Give back, exactly and with nothing else, the lines running from the one that contains "Томатная основа, куриное" to the end of the entries below; do not include pictures.

Input for this task:
___
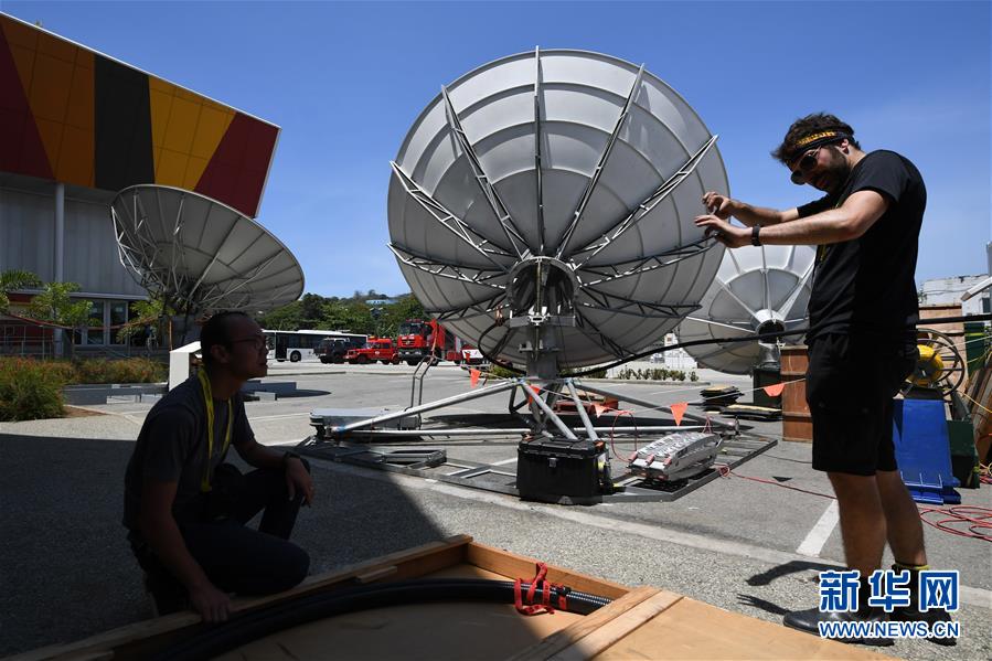11月13日,工作人員在巴布亞新幾內(nèi)亞首都莫爾茲比港的APEC國(guó)際媒體中心安裝衛(wèi)星設(shè)備。 新華社記者呂小煒攝
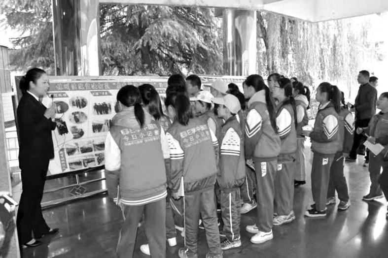 |  | | | “小记者”们一边观看展板一边听讲解 |
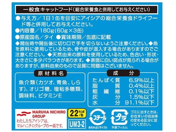 【お取り寄せ】 アイシア 海缶 ミニ3P しらす入りかつお ゼリータイプ 180g アイシア ウェットフード 猫 ペット キャットフード
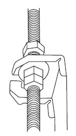 3. Use a hammer to insert the ceiling hooks into the pre-drilled holes. Secure the bolt using the included washers and nuts.
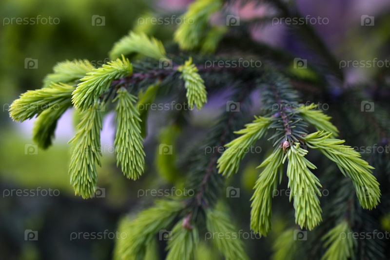 Ветки ели с шишками. Яркие и красочные иголки и шишки в лесу
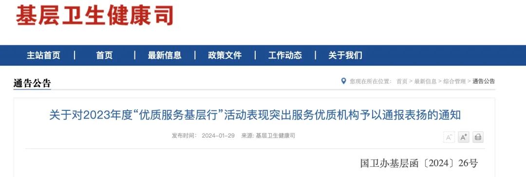 近日,国家卫生健康委发布关于对2023年度“优质服务基层行”活动表现突出服务优质机构予以通报表扬的通知。国家卫生健康委、国家中医药局决定对在2023年度“优质服务基层行”活动中表现突出、服务优质的机构予以通报表扬。我省贵阳市花溪区青岩卫生院、遵义市仁怀市三合镇卫生院等65所机构名列其中。具体通知如下:
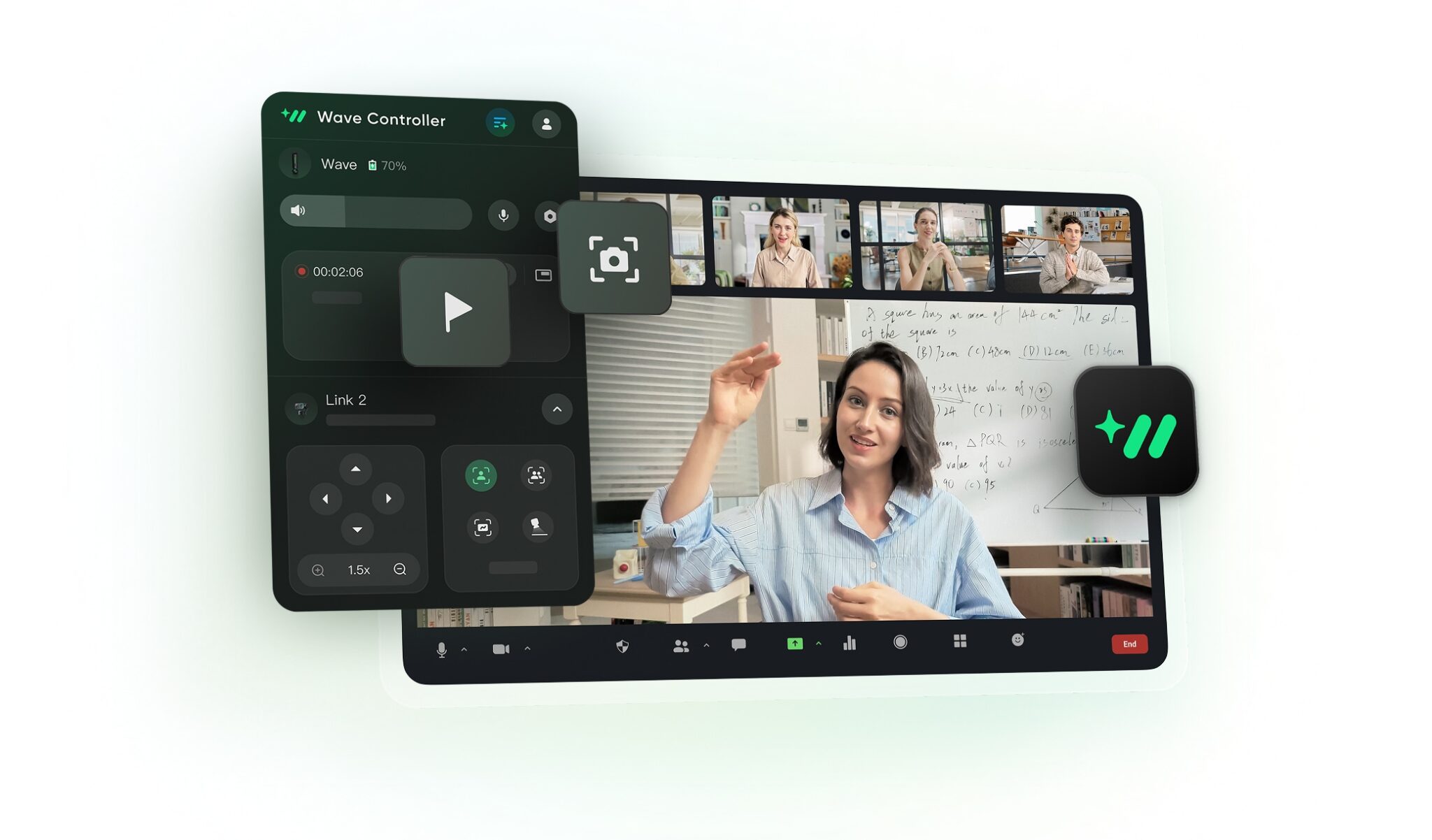 Wave è progettato per collaborare con altri prodotti Insta360 già orientati alla videoconferenza, come Connect, la serie Link e Link 2. Posizionando Link 2 sopra il corpo sospeso, si ottiene una soluzione audio‑video integrata: attraverso la localizzazione della sorgente sonora, la camera adegua il fuoco sul parlante attivo, mantenendo allineati inquadratura e microfonazione. Più unità Wave collegate possono coprire sale riunioni di dimensioni medie e grandi.
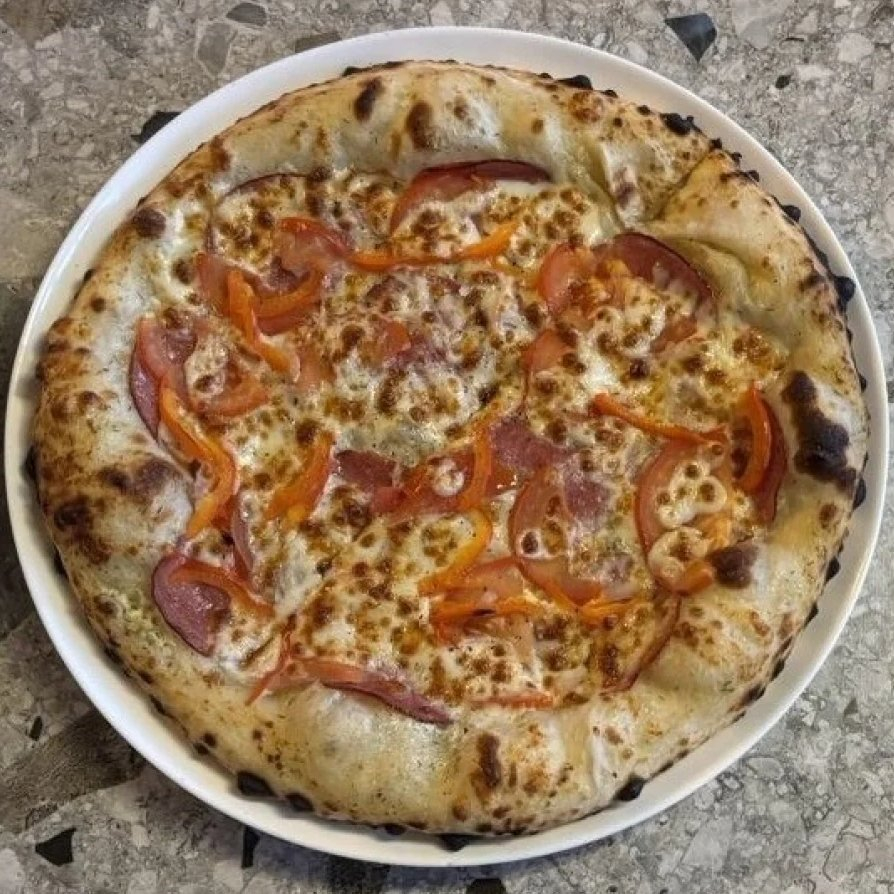 Томатная основа, куриное филе, ветчина, маринованный лук, маринованный огурец, шампиньоны, соус Чесночный, сыр Моцарелла.
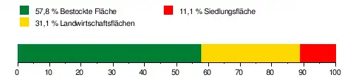 Es besteht zu 57,8 % aus bestockter Fläche, zu 31,1 % aus Landwirtschaftsfläche und zu 11,1 % aus Siedlungsfläche.
___
Result of the task:
 Томатная основа, куриное филе, ветчина, маринованный лук, маринованный огурец, шампиньоны, соус Чесночный, сыр Моцарелла.
 Es besteht zu 57,8 % aus bestockter Fläche, zu 31,1 % aus Landwirtschaftsfläche und zu 11,1 % aus Siedlungsfläche.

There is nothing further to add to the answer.